I'm English, hanging on by a thread to the edge of London. For those that don't know, the Booker Prize is the foremost literary prize in the UK, though of course there are plenty of others. There is also the more recent addition of the International Booker Prize, which I'm sure I'll get to later.

A Literary Challenge

The Booker Prize was first awarded in 1969 to PH Newby's Something to Answer for, and with ongoing tinkering around the edges has been going strong ever since. Over the years I've probably read half a dozen of the winners, the ones that spring to mind are Salman Rushdie's Midnight's Children, Ben Okri's The Famished Road and (read more recently) Yann Martel's The Life of Pi. All startlingly books in their own right. I wondered, what about the other fifty or so that I haven't read?

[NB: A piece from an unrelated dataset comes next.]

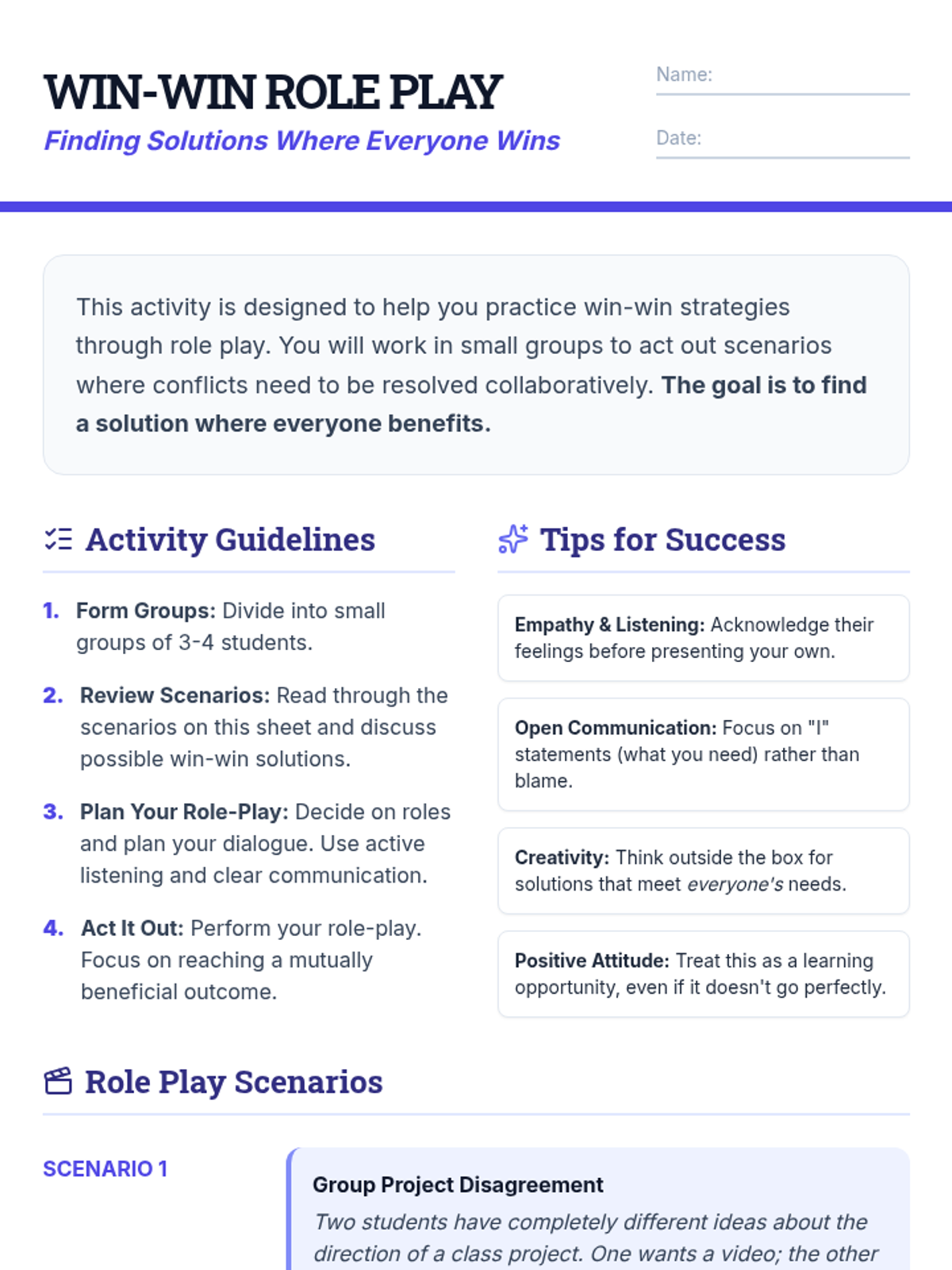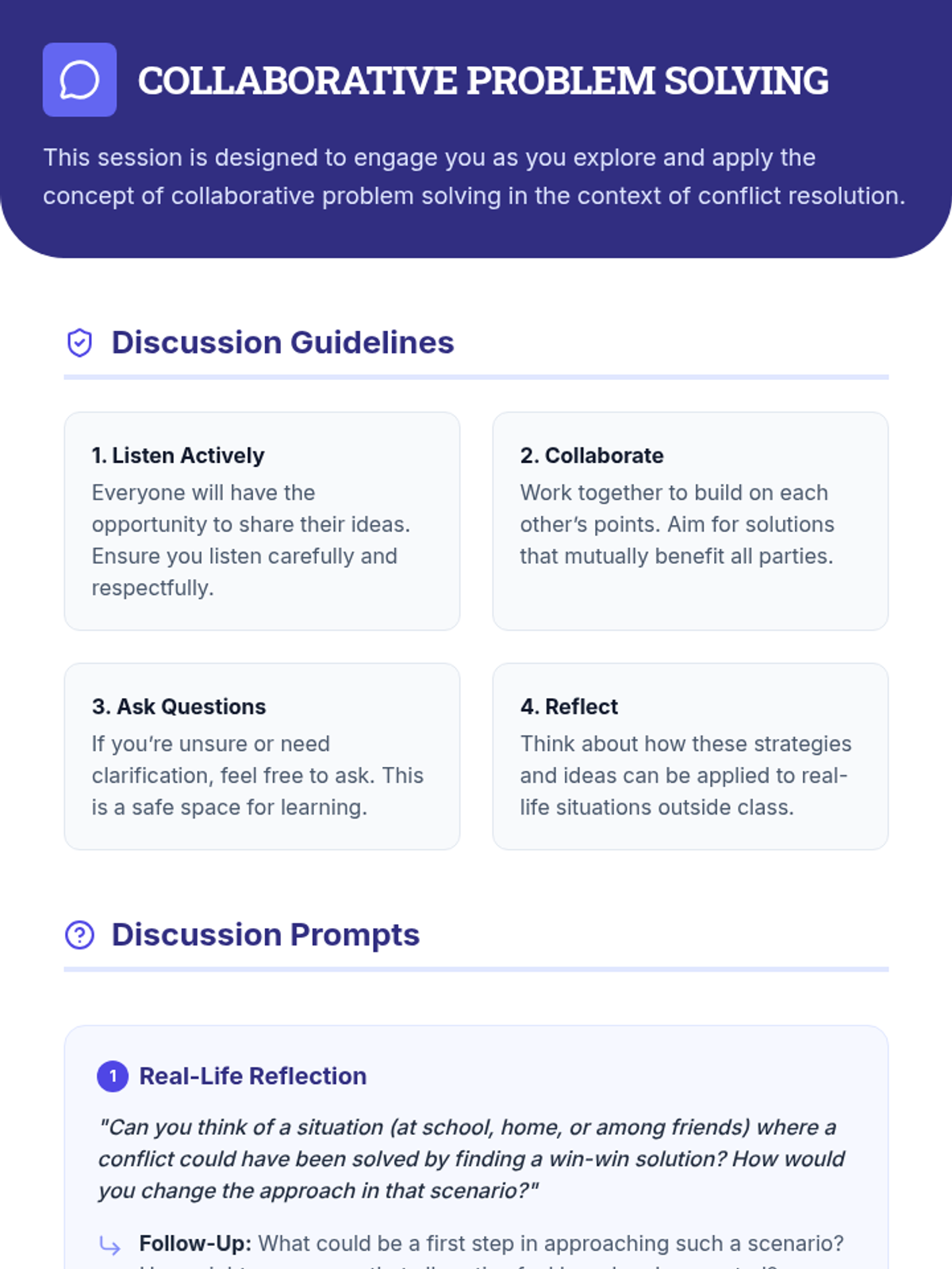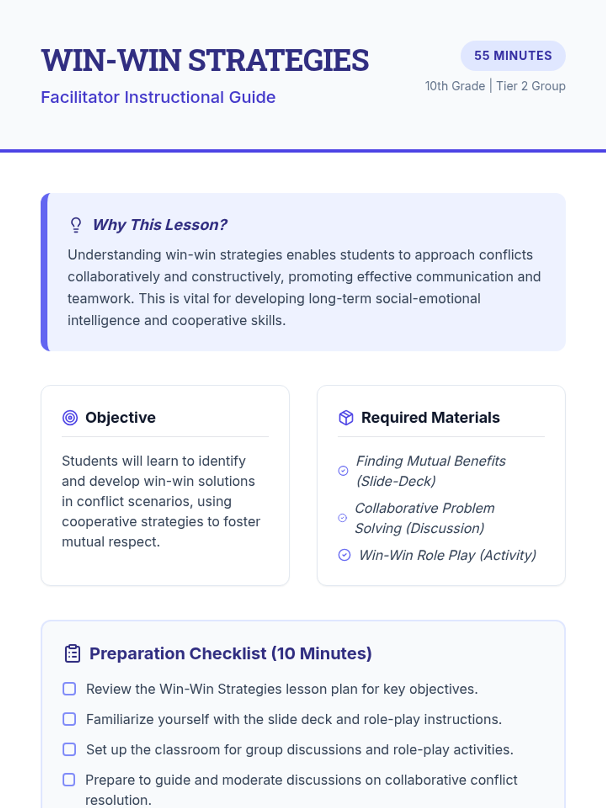 A 55-minute Tier 2 group lesson for 10th graders focused on identifying and implementing win-win solutions in conflicts through collaboration and mutual respect.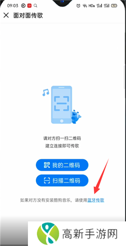 4、如果对方没有安装酷狗音乐,请使用蓝牙传歌,

That's how it began. I began to read the winners from the beginning and have now read the first three or four. Then of course I've realised that beyond simply the winners there are both those that make the Shortlist and before that the Longlist. I haven't counted but there must be about 200 books of all types for me to read, quite a few of those extended lists I have actually read.

Sharing the Journey

So that was the idea, to read all the Booker Prize winners. It was a simple jump from there to realise that it would be good to document it, and share my journey.

More Than Just the Booker

However, I don't want to be stuck with only reading and sharing from this list, I'm a great fan of Science Fiction (my literary comfort food) and my curiosity leads me to consume a lot of non-fiction, particularly these days books about the natural environment. I will share those too, but the core of Page Pilgrim, at least for the moment, will be my journey through the Booker Prize.